As first reported by Polly Campbell, Jean Robert de Cavel has filed suit against his former business partner, Martin Wade. (The defendants are actually several limited liability corporations, each of which operated a separate de Cavel/Wade restaurant.)
De Cavel is represented by Vorys, Sater, Seymour & Pease. I believe that Wade is represented by Taft, Stettinius & Hollister. The case, filed in Hamilton County Common Pleas court, has been transferred to the recently-created commercial docket.
Jean-Robert seeks an injunction prohibiting Wade from taking any action (including public statements) seeking to use a non-compete agreement to keep Jean-Robert from opening his new restaurant. It appears from the filings that Jean-Robert agrees that there was a non-compete agreement, but that it has expired.
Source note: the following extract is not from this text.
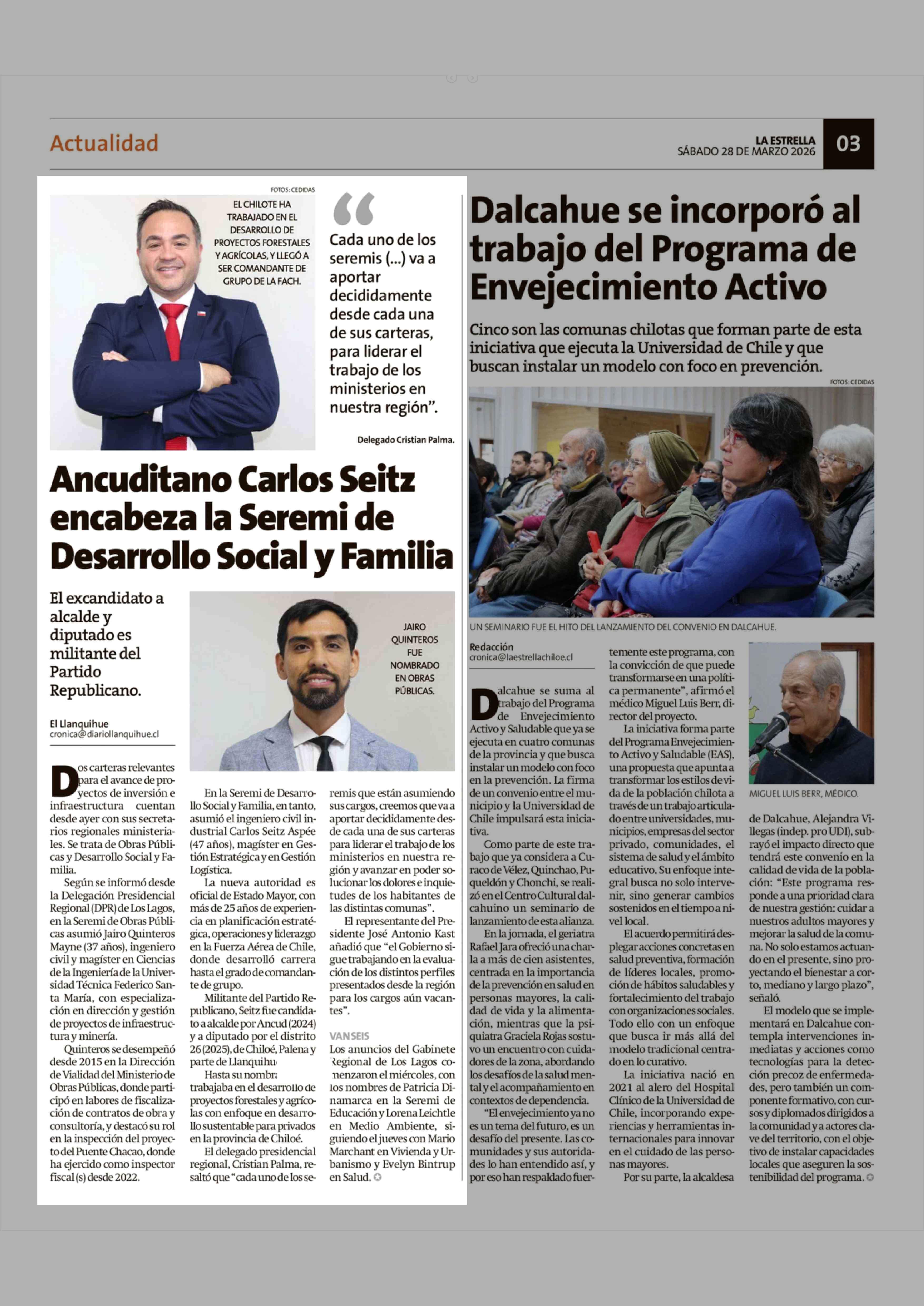 Ancuditano Carlos Seitz encabeza la Seremi de Desarrollo Social y Familia 28-03-2026 La Estrella de Chiloé |

According to his attorneys, the non-compete was in force while Jean-Robert was providing services as a manager to Wade's restaurant group and for one year following the termination of those services. They claim that Wade restructured the group in September 2008 and removed de Cavel as a manager at that time. Wade, of course, has publicly claimed that the non-compete is in force for one year after de Cavel leaves the partnership, which he hasn't done yet.
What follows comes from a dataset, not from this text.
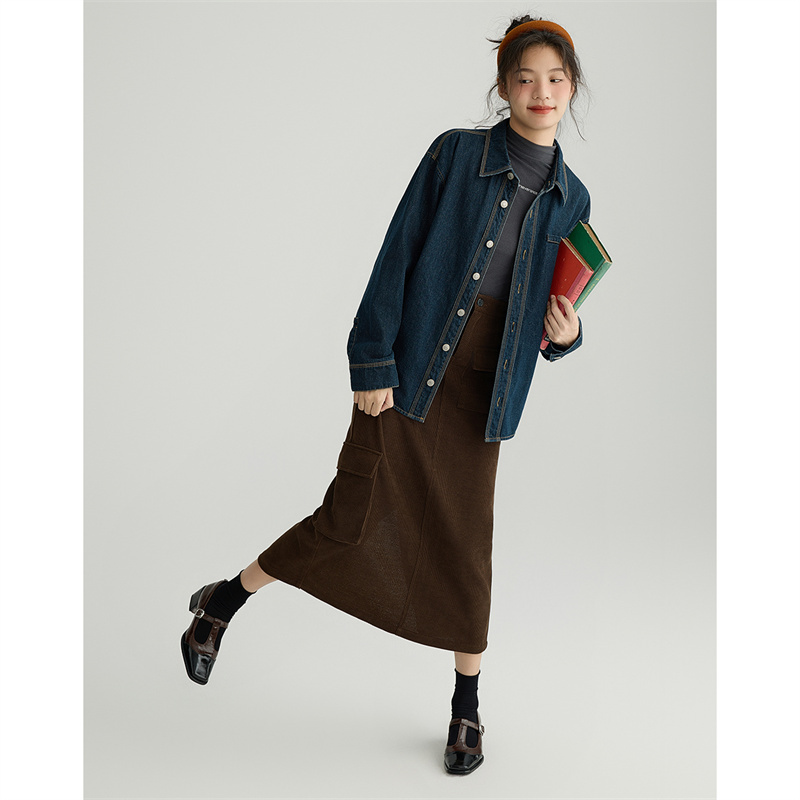 德玛纳牛仔衬衫女新款秋季气质法式上衣长袖时尚洋气复古衬衣

The language from the non-compete agreement quoted in de Cavel's brief seems to support the chef's legal interpretation. It's not entirely clear the facts are with him though; at least as I read the court documents, there may be an argument that he remained the manager of Pigall's until it closed at the end of February 2008. His attorneys must be planning to argue that "services as a manager" refers to managing the entire group, not just one restaurant in the group. I don't know whether that argument is sustainable. I also don't know whether, apart from the non-compete, de Cavel would have a fiduciary obligation not to compete with an entity in which he is a partner. (For the sake of my own culinary delight, though, I hope that de Cavel's attorneys have the upper hand in both arguments.)
A couple of interesting tidbits from the motion for injunctive relief:
- Jean-Robert says that Wade only began rattling the non-compete sabre when Jean-Robert refused to transfer his 20% interest in the restaurants (and--perhaps most importantly--a liquor license) to the Relish Group.
- In his letter to de Cavel informing him of the then-impending closure of Pigall's, Wade claims to have lost money every year Pigall's was open. Wade wrote, "Fine dining as you know and love, no longer is a profitable business."
- Jean-Robert testifies (via affidavit) that the reason he delayed the opening of his new restaurant at Seventh and Vine is the uncertainty created by Wade's litigation threats. This seems to contradict what Jean-Robert reportedly told Polly Campbell about the delayed opening.
It'll be interesting to see how this all plays out.